История римских императоров от Августа до Константина. Том 4. Гальба, Оттон, Вителлий, Веспасиан - страница 21



В этот момент он спас от большой опасности Мария Цельса, назначенного консула, который до последнего оставался верен Гальбе. Разъяренные солдаты громко требовали его казни, ненавидя в нем талант и добродетель так, как обычно ненавидят порок. Помимо чудовищной несправедливости такого поступка, это создавало ужасный прецедент, открывая путь к убийству лучших людей и, возможно, к разграблению города. Отон еще не обладал достаточной властью, чтобы предотвратить преступление, но уже мог приказывать. Он велел заковать Мария в цепи – якобы для того, чтобы подвергнуть его более тяжким мукам, – и этой хитростью спас его от неминуемой смерти.

Каприз солдат решал всё. Они сами назначили префектами Плотия Фирма и Лициния Прокула. Плотий, бывший простым солдатом, а затем ставший начальником городской стражи, одним из первых поддержал нового императора. Прокул был тесно связан с Отоном и считался его верным помощником в осуществлении замыслов. Солдаты также избрали префектом города Флавия Сабина, занимавшего эту должность при Нероне. Многие поддержали его из-за уважения к его брату Веспасиану, который в то время воевал в Иудее.

После всех преступлений, совершенных в этот роковой день, верхом бедствий стала радость, которой он завершился. Претор города, ставший главой сената после смерти двух консулов, созвал собрание, и лесть разлилась без меры. Магистраты и сенаторы, поспешно явившиеся, даровали Отону трибунскую власть, имя Августа и все титулы верховной власти, наперебой стараясь чрезмерными похвалами стереть оскорбительные упреки, которыми они осыпали его незадолго до этого. Их расчет был вознагражден. Никто не заметил, чтобы Отон-император сохранил resentment за обиды, нанесенные ему как частному лицу. Было ли это забвением с его стороны или лишь отсрочкой мести – краткость его правления не позволила выяснить. Отон, признанный народом и сенатом, вышел из лагеря, явился на форум, еще залитый кровью, и, пройдя среди трупов, поднялся на Капитолий, а затем направился во дворец.

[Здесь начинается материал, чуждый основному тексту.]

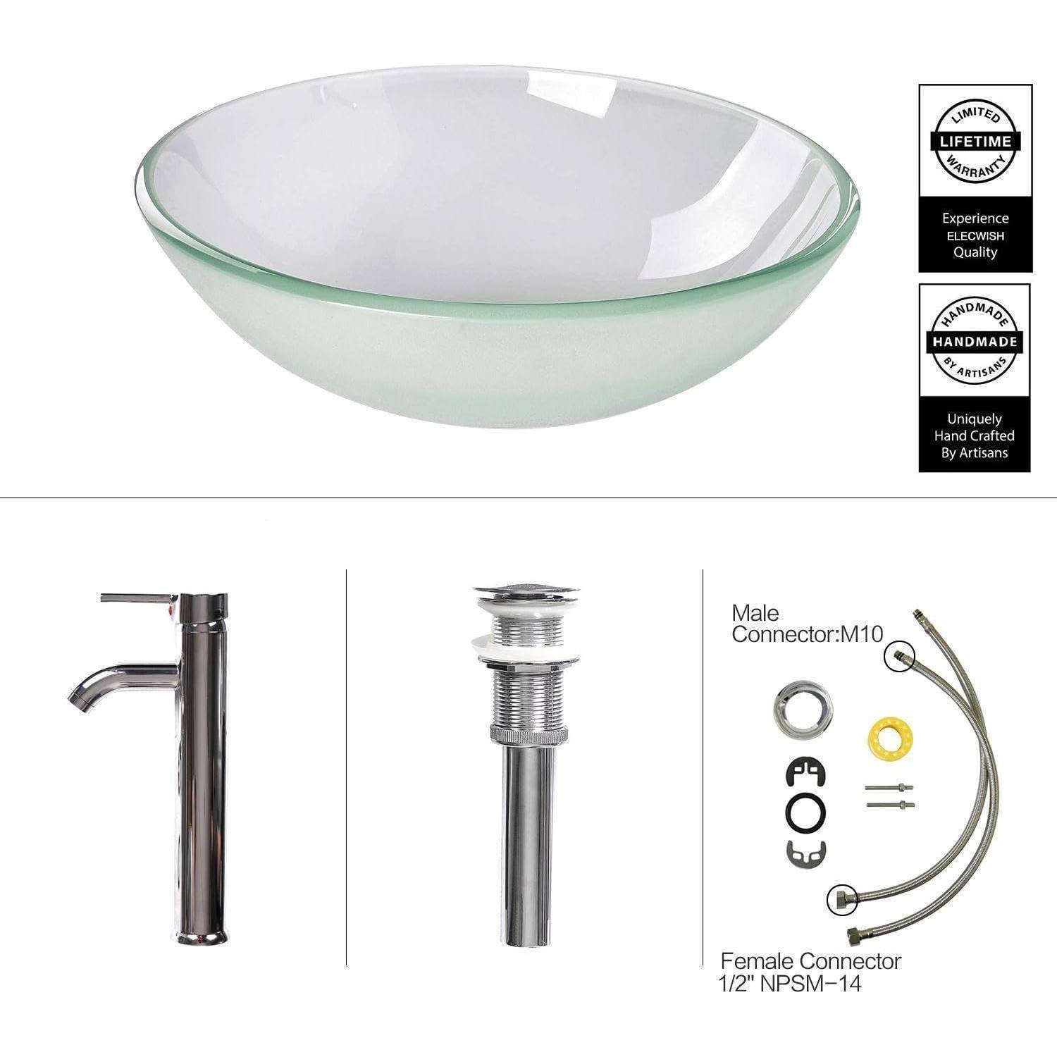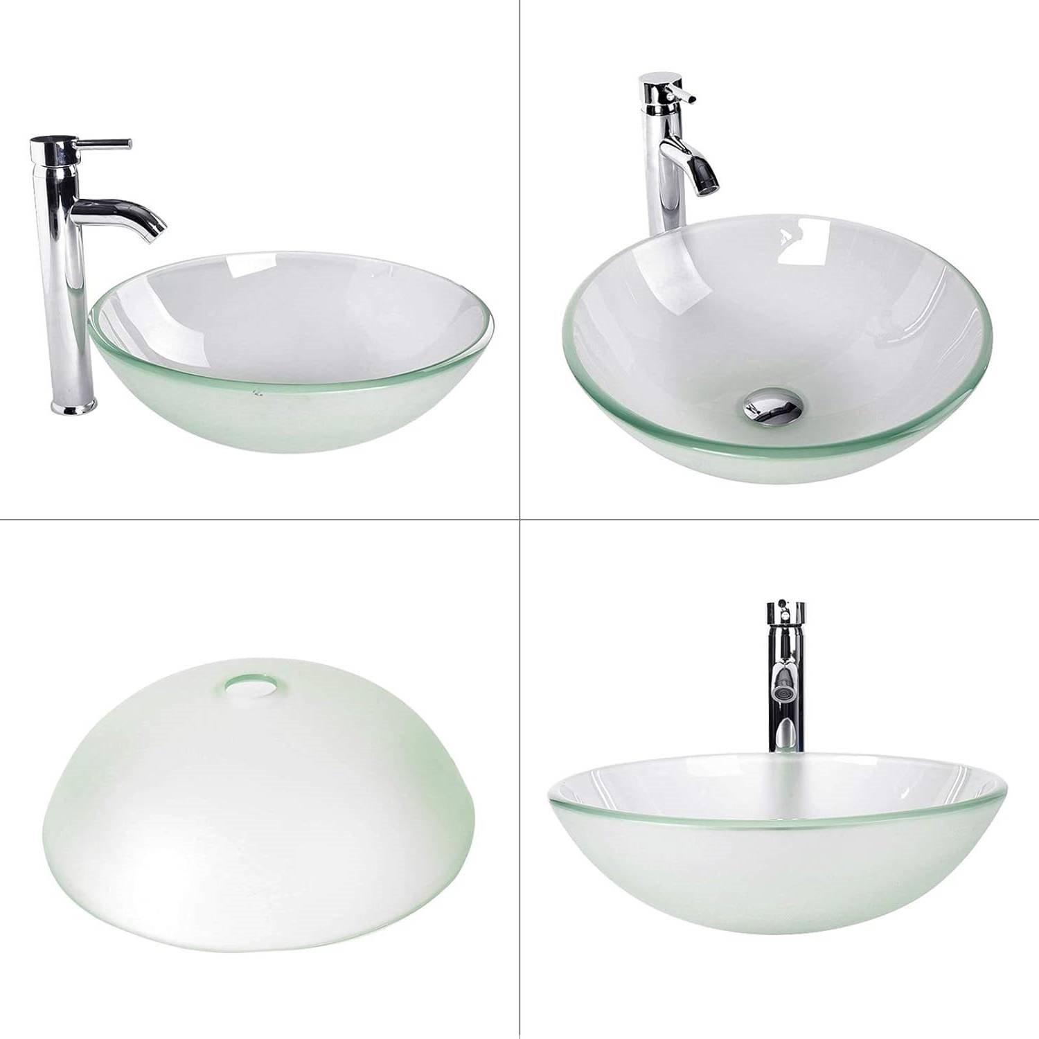 This Modern Farmhouse Bathroom Vanity with Wooden Sliding Door and Frosted Glass Sink is made of Eco-MDF wood for long-lasting durability. Careful Coverage and Eco paint enable durability. Cabinet: 19"x 28"x 31.5"(D×W× H); Sink dimension: 16.5" x 5.5" (W xD); Bowl thickness: 0.5". Scratch-resistant & Polished surface is easy to clean up. Come with Vanity, Glass sink, Chrome Faucet, Pop up drain, Hot/ cold lines, and some mounting hardware. Modern and stylish design fit perfectly with most bathroom decor; Easy installation.
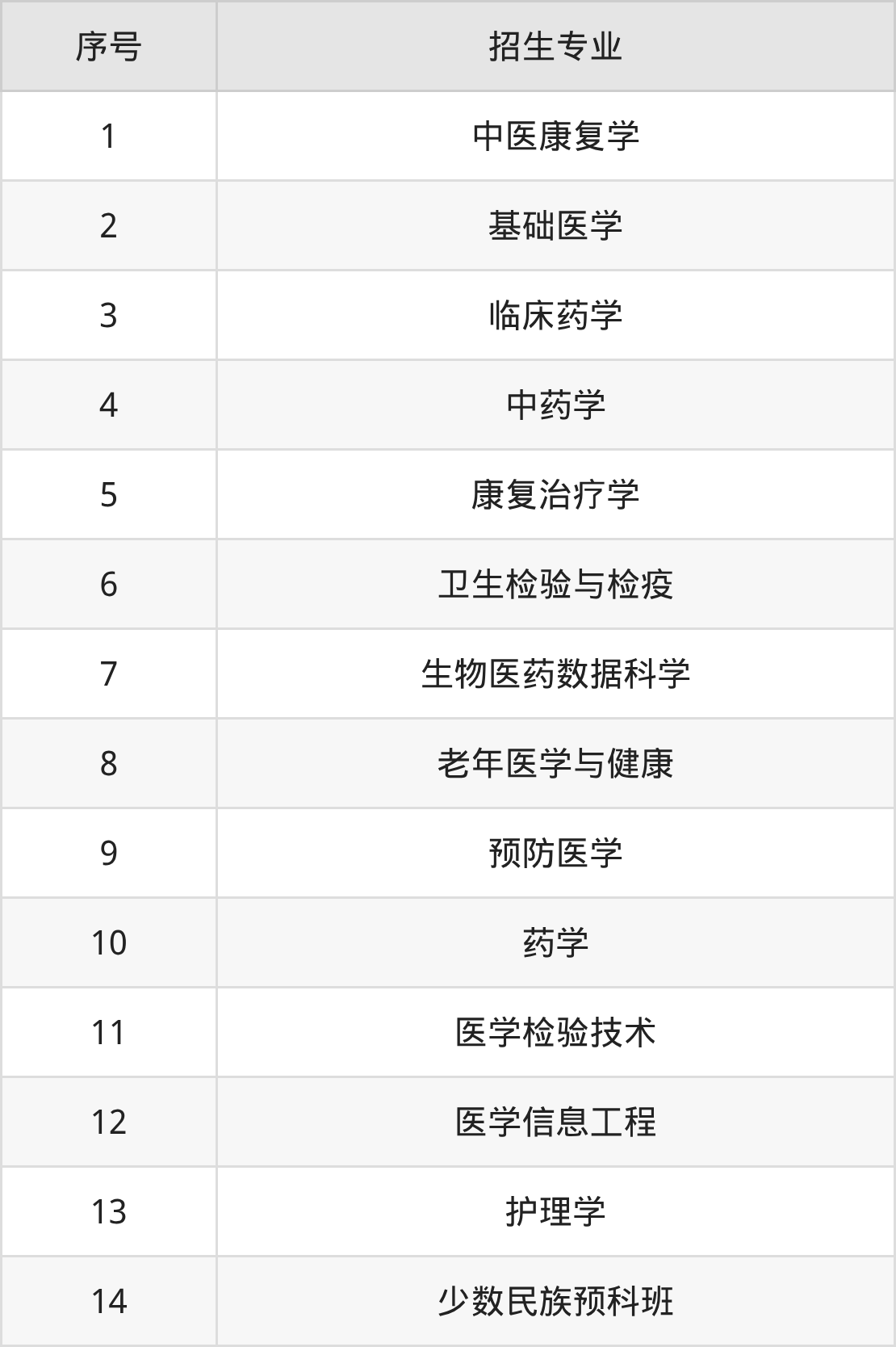 公共事业管理、临床医学、中医学、医学影像学、口腔医学、眼视光医学、儿科学、麻醉学、中西医临床医学、针灸推拿学
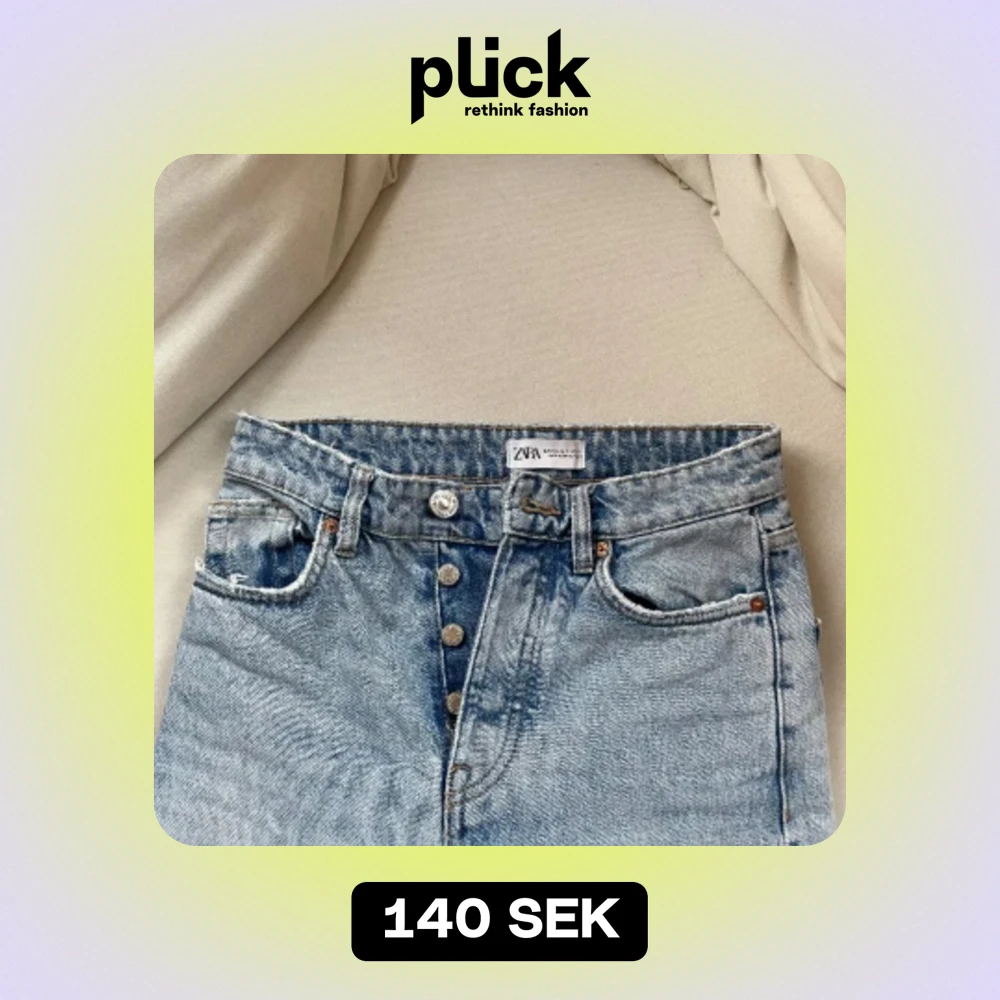 Skitsnygga jeans från Zara, ljusa, med silver knäppning och ”klippta” nertill. Mindre slitage vid ljumsken som behövs lagas så småningom.
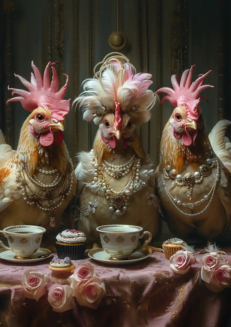 Auf diesem Gemälde sehen Sie drei Hühner in schicken Outfits und Accessoires, die an einem Tisch mit Tee, Cupcakes und Rosen genießen. Der üppige Hintergrund schafft eine elegante Atmosphäre, wie bei einer High Tea Party.
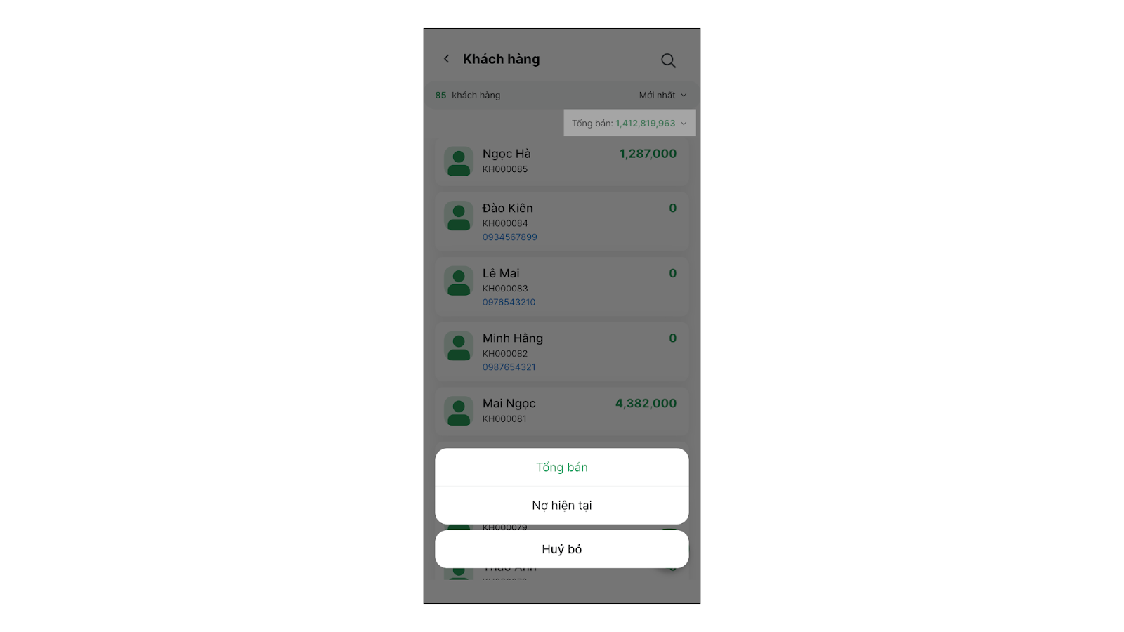 - Để sắp xếp, nhấn vào tiêu đề cột VD: Tổng bán, Nợ hiện tại để hệ thống hiển thị danh sách theo thứ tự giảm dần, giúp bạn dễ dàng nhận diện khách VIP hoặc khách nợ nhiều.
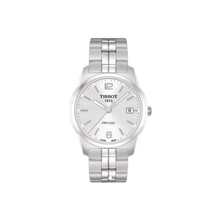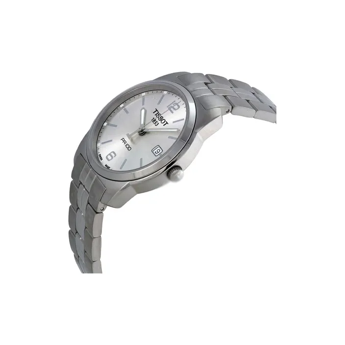 Tissot PR100 Collection Кварцевый механизм Мужские часы Циферблат 36,6 мм Серебристый Нержавеющий стальной ремешок
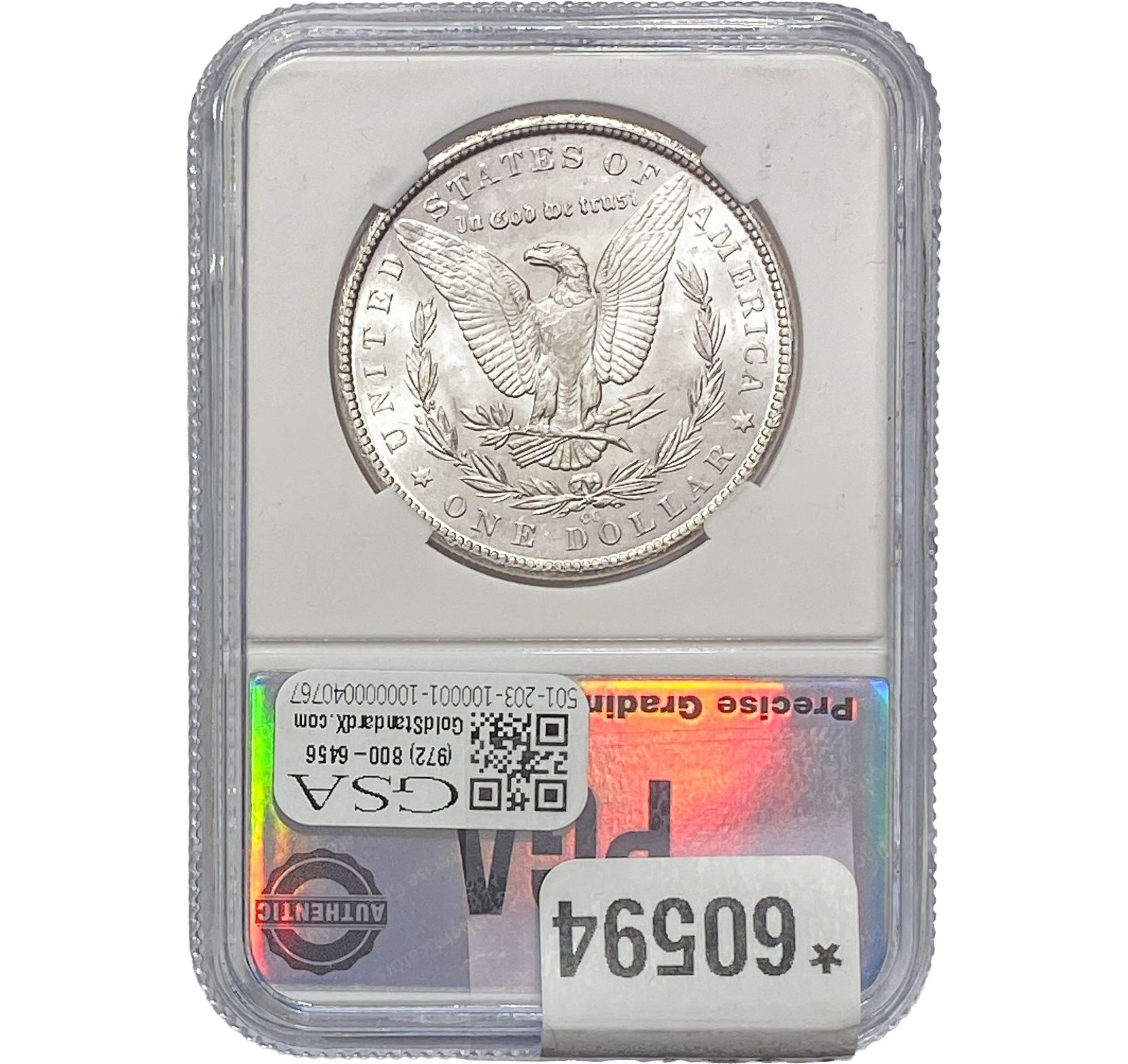 COINS AND CURRENCY LISTED IN GSA’S CATALOG AS GRADED AND ENCAPSULATED BY PCGS, NGC, ANACS, ICG, PCGS CURRENCY, PMG, PCGS BANKNOTE GRADING, CMC OR ANY OTHER THIRD-PARTY GRADING SERVICE ARE LIKEWISE SOLD “AS-IS” EXCEPT AS EXPRESSLY SET FORTH HEREIN. ALL THIRD-PARTY GRADING SERVICE GUARANTEES, INCLUDING AUTHENTICITY, ARE THE SOLE RESPONSIBILITY OF THE THIRD-PARTY GRADING SERVICE AND NOT WARRANTIES OR GUARANTEES OF GSA. BIDDERS SHOULD CONTACT THESE THIRD-PARTY GRADING SERVICES DIRECTLY WITH RESPECT TO ANY CLAIMS OR QUESTIONS THEY MAY HAVE CONCERNING THEIR GUARANTEES AND WARRANTIES. BIDDERS ACKNOWLEDGE AND AGREE THAT AUCTIONEER IS NOT BOUND BY OR LIABLE FOR ANY OPINION OR CERTIFICATION BY ANY THIRD-PARTY GRADING SERVICE. REMOVAL OF A PRODUCT FROM ITS PROTECTIVE CASING OR HOLDER OR ALTERATION OF ANY COIN HOLDER WAIVES ALL RIGHTS CONCERNING THE PRODUCT CONTAINED THEREIN.
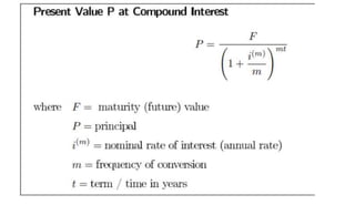 This document provides information about simple and compound interest calculations. It defines key terms like principal, interest rate, and time period. It explains the formulas for calculating simple interest and compound interest, both annually and for other time periods like quarterly or monthly. Sample problems are provided for calculating interest, principal, and future values in simple and compound interest scenarios.
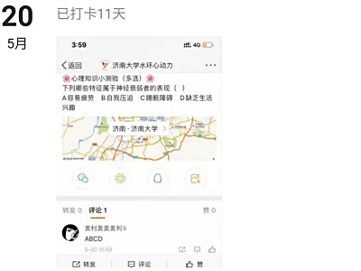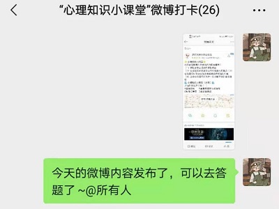 水环心动力”,坚持每天认真学习微博发布的心理知识,根据自己对问题的理解和心理知识的掌握情况在评论区进行做答,并将自己答题的截图发布在微信小圈子“‘心理知识小课堂’打卡圈”进行打卡。新颖的线上活动形式大大激发了同学们的积极性,同学们踊跃参加答题,董庆春、董怡彤、李倩、倪圆圆、吴向楠、尚凯月等十一位同学坚持每天答题打卡达十天及以上,其中董庆春同学的正确率最高。
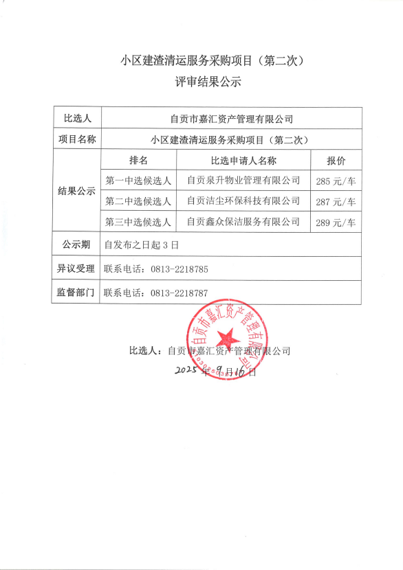 小区建渣清运服务采购项目(第二次)评审结果公示
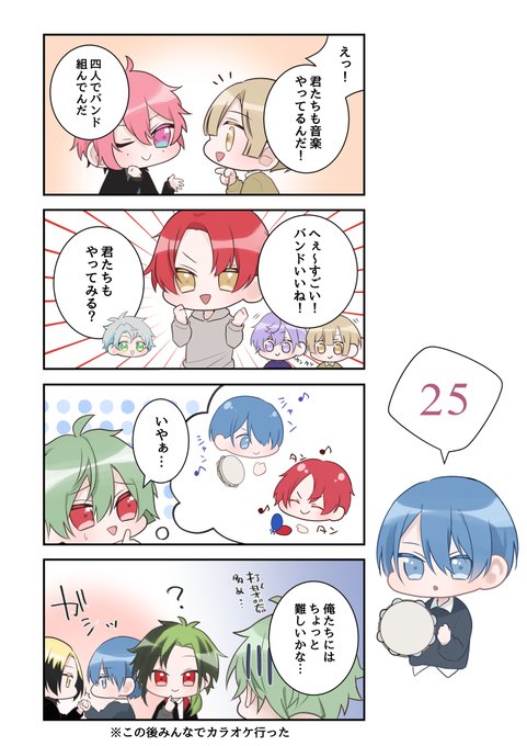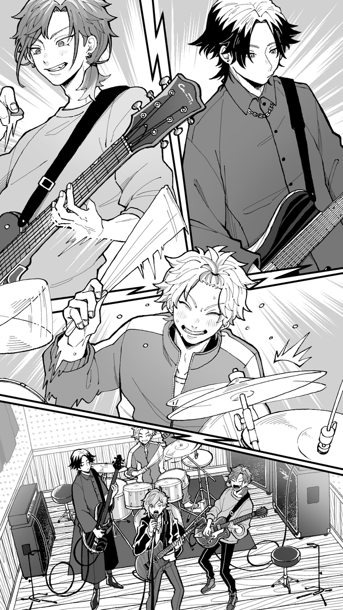 4人組バンド「燦然世界」のメンバーのほとんどは常に金欠状態なんだ!(豆知識) マンガ:萩原あろ( @Aro_Hagiwara ) #HOWLing4コマ #漫画が読めるハッシュタグ #音楽で恩返し #燦然世界
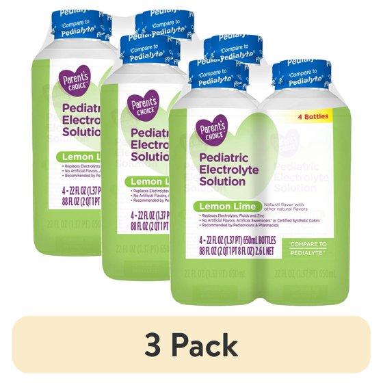 (3 pack) Parent's Choice Electrolyte Solution, Lemon Lime, Dye-Free, for Kids and Adults, 22 oz, 4 Count
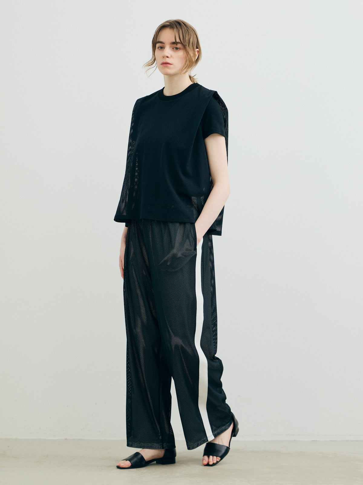 他の画像を見る お気に入りに登録する MARMARMAR MARMARMAR メッシュノースリーブTシャツ price ¥ 7,480 税込 販売期間 2026/03/31 20:00 〜 NEW 26SS
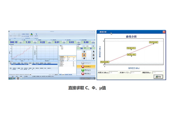3、电脑屏幕显示,即速度、力值、位移等参数均在电脑中显示,实时显示当前法向、切向上的力值,峰值,试验过程信息,当前位移等并在数据库中自动进行分析、计算。试验过程实时记录试验曲线,显示并保存,高速采样;直接求取C、Φ、μ值;
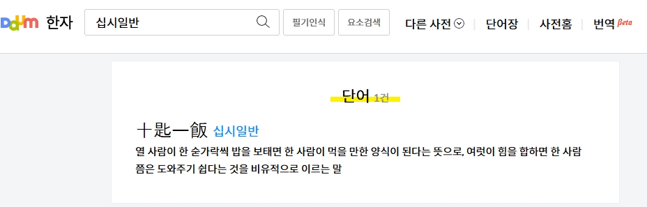 1. 다음사전으로 들어갑니다. 다음사전은 다양한 어휘의 뜻과 그 유래, 활용 예시 등을 제공하는 사전으로, 한국어 어휘에 대한 깊이 있는 설명을 확인할 수 있습니다. 여기서 십시일반이라는 표현의 의미를 검색하여 관련 정보를 살펴볼 수 있습니다.

Не нужно и говорить, что, пока ему рукоплескали открыто, в душе его боялись и ненавидели. И так как известия о восстании Вителлия, скрываемые при жизни Гальбы, теперь стали распространяться свободно, не было гражданина, который не скорбел бы о печальной участи республики, обреченной стать добычей одного из двух недостойных соперников. Не только сенаторы и всадники, по положению своему более вовлеченные в государственные дела, но и простой народ открыто сетовал, видя, что два человека, наиболее достойные ненависти и презрения за свои гнусные пороки, трусость и изнеженность, возведены на престол, словно злой рок специально избрал их, чтобы погубить империю. Вспоминали не недавние примеры жестокости правителей к отдельным лицам в мирное время, а общие бедствия гражданских войн: Рим, не раз захватываемый собственными гражданами, разорение Италии, опустошенные провинции, Филиппы, Фарсал, Перузию и Модену – места, прославленные кровавыми битвами римлян против римлян. «Вселенная, – говорили они, – была близка к гибели даже тогда, когда высшая власть оспаривалась достойными соперниками. В конце концов империя устояла при Цезаре и Августе: республика сохранилась бы, победи Помпей или Брут [2]. Но теперь за кого нам молиться? За Вителлия или за Отона? В любом случае молитвы будут кощунственны. Как выбрать между двумя, чья война может завершиться лишь доказательством превосходства порока в победителе?» Некоторые возлагали надежды на Веспасиана. Но это была далекая перспектива, и даже если бы она осуществилась, никто не был уверен, что Веспасиан окажется таким хорошим правителем, каким он впоследствии проявил себя.